Factors and outcomes associated with adherence to statins among patients with newly diagnosed cardiovascular disease.

作者信息

Li Jiang, Mudiganti Satish, Husby Hannah, Jones J B, Yan Xiaowei

机构信息

Sutter Health Center for Health Systems Research-West/Palo Alto Medical Foundation Research Institute, 795 El Camino Real, Ames Building, Palo Alto, CA 94301, USA.

Sutter Health Center for Health Systems Research East, 2121 North California Blvd, Suite 310, Walnut Creek, CA, 94596, USA.

出版信息

Am J Prev Cardiol. 2025 Jun 9;23:101028. doi: 10.1016/j.ajpc.2025.101028. eCollection 2025 Sep.

Abstract

BACKGROUND

Statin use is proven to be effective in lowering low-density lipoprotein cholesterol (LDL-C) levels and reducing risk of recurrent myocardial infarction, stroke, and mortality in individuals with established cardiovascular disease (CVD). We used medication dispensed data (e.g., SureScripts), which has been integrated with the electronic health record (EHR) to examine the factors and outcomes associated with adherence to statins.

METHODS

This study is a secondary data analysis using longitudinal data between 1/1/2010-10/31/2021 ( = 1486,286 over nearly 12 years) from a large community-based health system on all primary care patients aged 35 years or older when diagnosed with the first CVD two years after their first primary care visit and had new statin prescriptions on or after CVD diagnosis. Multivariable logistic regression models were used to identify the factors associated with filling the prescription and statin adherence, respectively. Survival analysis was used to assess the association between statin adherence and LDL-C control.

RESULTS

Of the 5155 patients with newly prescribed statins, a total of 3553 (68.9 %) were adherent, with insurance type, online patient portal use, race, age, statin intensity, and cardiologist visits emerging as significant predictors. Specifically, patients with PPO/FFS were less likely to fill statin prescriptions compared to those with HMO. Infrequent online patient portal use is associated with lower adherence. There is a disparity between patients race categories (Non-Hispanic Black (NHB) vs.

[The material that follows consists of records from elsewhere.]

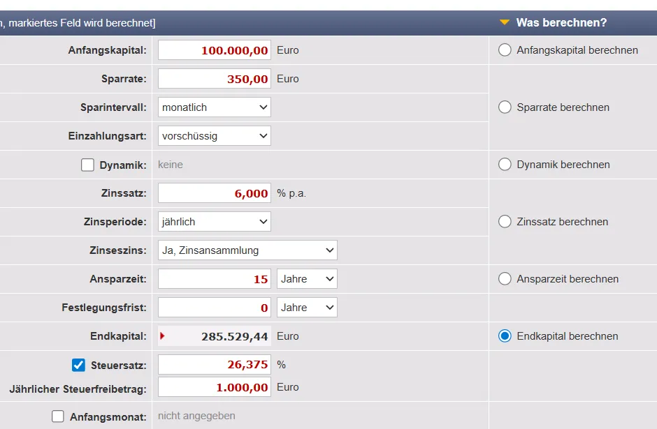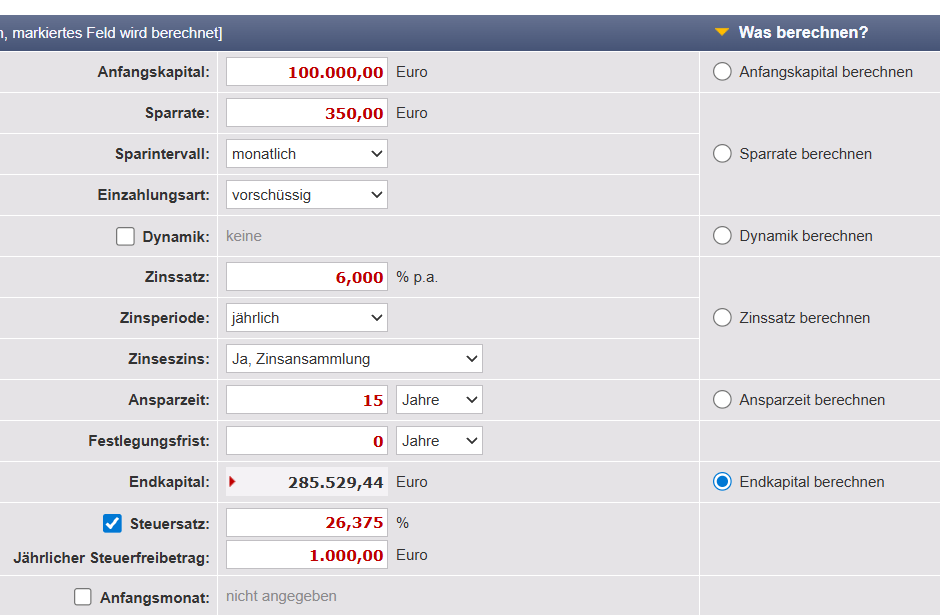 Und wichtig: Kaufkraftverlust (Inflation) -> in 15 Jahren haben die 800 Euro von heute halt nicht mehr die Power von heute...
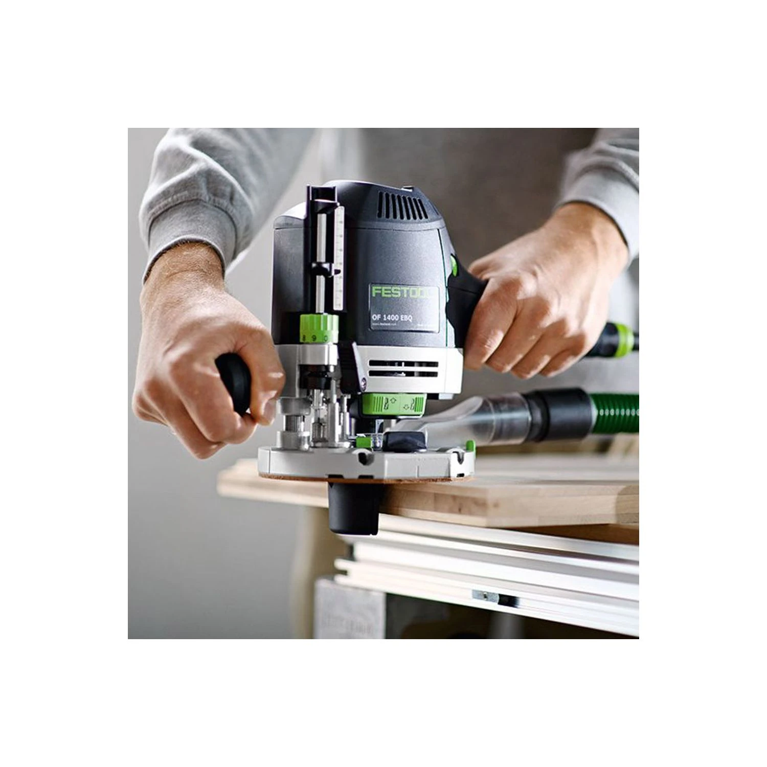 - Up to 99 % dust extraction when routing with chip deflector and dust extraction hood
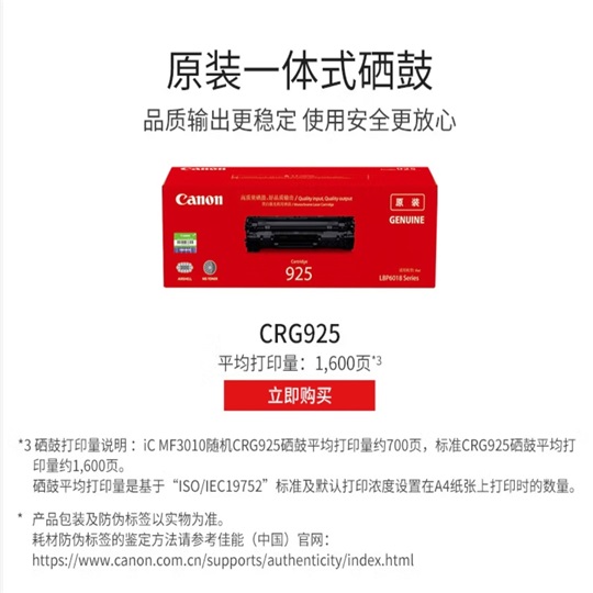 耗材型號  :   CRG925
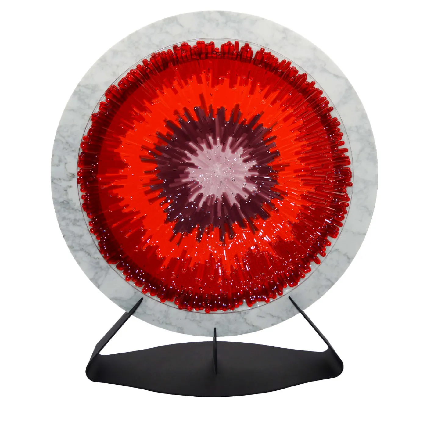 Ogni angolo, mensola e consolle può diventare unico con l’esposizione di una scultura in vetro di Murano come “Target”, composta da una raffinata sequenza di colori eseguita con bacchette di vetro trasparente all’interno di un cerchio di marmo di Carrara. La scultura è sostenuta da un importante supporto in metallo verniciato grigio antracite.
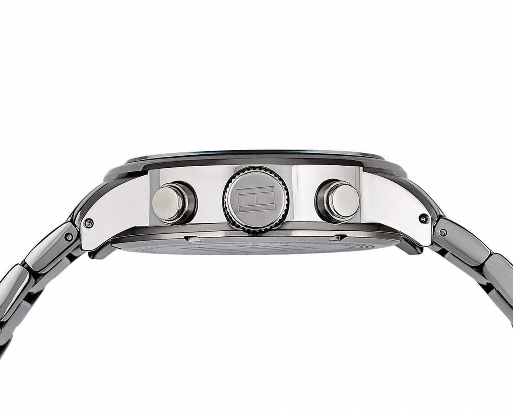 With this distinctive TOMMY HILFIGER men's watch, no one will miss you. The high-quality steel design has a black dial that displays the date, day of the week and 24-hour time. Be in with this modern piece.
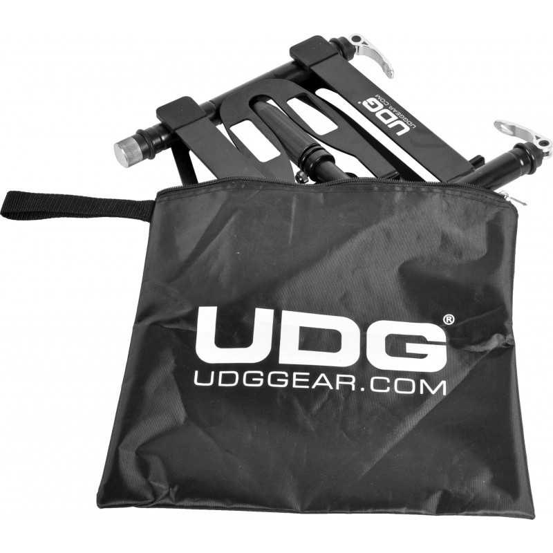 Supporto UDG DIGI Laptop Stand, progettato per DJ e produttori musicali che richiedono massima versatilit e robustezza. La struttura in acciaio verniciato a polvere garantisce stabilit e durata, mentre altezza, inclinazione e vassoio girevole sono completamente regolabili per diverse configurazioni. Include vassoio rimovibile per accessori e custodia protettiva per il trasporto.
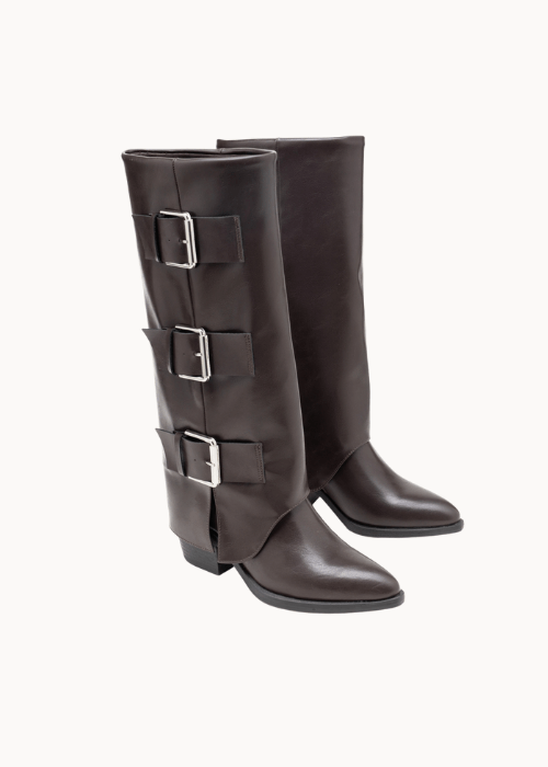 Vores nye Vega Spænde Støvler er høje med et råt og selvsikkert udtryk. De er designet i imiteret læder med dekorative spænder, der giver et råt og trendy twist. Perfekte til dig, der vil have en støvle, som både er stilren og iøjnefaldende.🖤

Non-Hispanic White (NHW)) in filling the prescription and adhering to the filled prescription. Medication adherence is defined as proportion of days covered (PDC) of 80 % or greater. Adherence was positively associated with older age, high-intensity statins, and cardiologist visits. Having a visit with a cardiologist showed better adherence to the prescription and lowering of LDL values. Additionally, adhering to statins has shown a better outcome of lowering patients LDL values.

CONCLUSIONS

The findings emphasize demographic and healthcare factors in medication adherence and LDL control, suggesting tailored interventions for diverse populations, addressing disparities in insurance type, race, and online portal use, and involving cardiologists in medication management for improved medication adherence and clinical outcomes.

摘要

背景

他汀类药物的使用已被证明可有效降低低密度脂蛋白胆固醇(LDL-C)水平,并降低已确诊心血管疾病(CVD)患者复发心肌梗死、中风和死亡的风险。我们使用了已与电子健康记录(EHR)整合的药物配药数据(如SureScripts),以研究与他汀类药物依从性相关的因素和结果。

方法

本研究是一项二次数据分析,使用了来自一个大型社区卫生系统的2010年1月1日至2021年10月31日(近12年期间n = 1486286)的纵向数据,研究对象为所有35岁及以上的初级保健患者,这些患者在首次初级保健就诊两年后被诊断出患有首次CVD,并在CVD诊断时或之后有新的他汀类药物处方。多变量逻辑回归模型分别用于确定与处方配药和他汀类药物依从性相关的因素。生存分析用于评估他汀类药物依从性与LDL-C控制之间的关联。

结果

在5155例新开具他汀类药物处方的患者中,共有3553例(68.9%)依从,保险类型、在线患者门户使用情况、种族、年龄、他汀类药物强度和心脏病专家就诊次数成为显著预测因素。具体而言,与健康维护组织(HMO)患者相比,优先提供者组织/服务收费制(PPO/FFS)患者开具他汀类药物处方的可能性较小。不经常使用在线患者门户与较低的依从性相关。在处方配药和对已配药的依从性方面,不同种族类别患者(非西班牙裔黑人(NHB)与非西班牙裔白人(NHW))之间存在差异。药物依从性定义为覆盖天数比例(PDC)达到80%或更高。依从性与年龄较大、高强度他汀类药物和心脏病专家就诊次数呈正相关。就诊心脏病专家显示出对处方的更好依从性和LDL值的降低。此外,坚持服用他汀类药物显示出降低患者LDL值的更好效果。

结论

研究结果强调了药物依从性和LDL控制中的人口统计学和医疗保健因素,建议针对不同人群采取量身定制的干预措施,解决保险类型、种族和在线门户使用方面的差异,并让心脏病专家参与药物管理,以提高药物依从性和临床结果。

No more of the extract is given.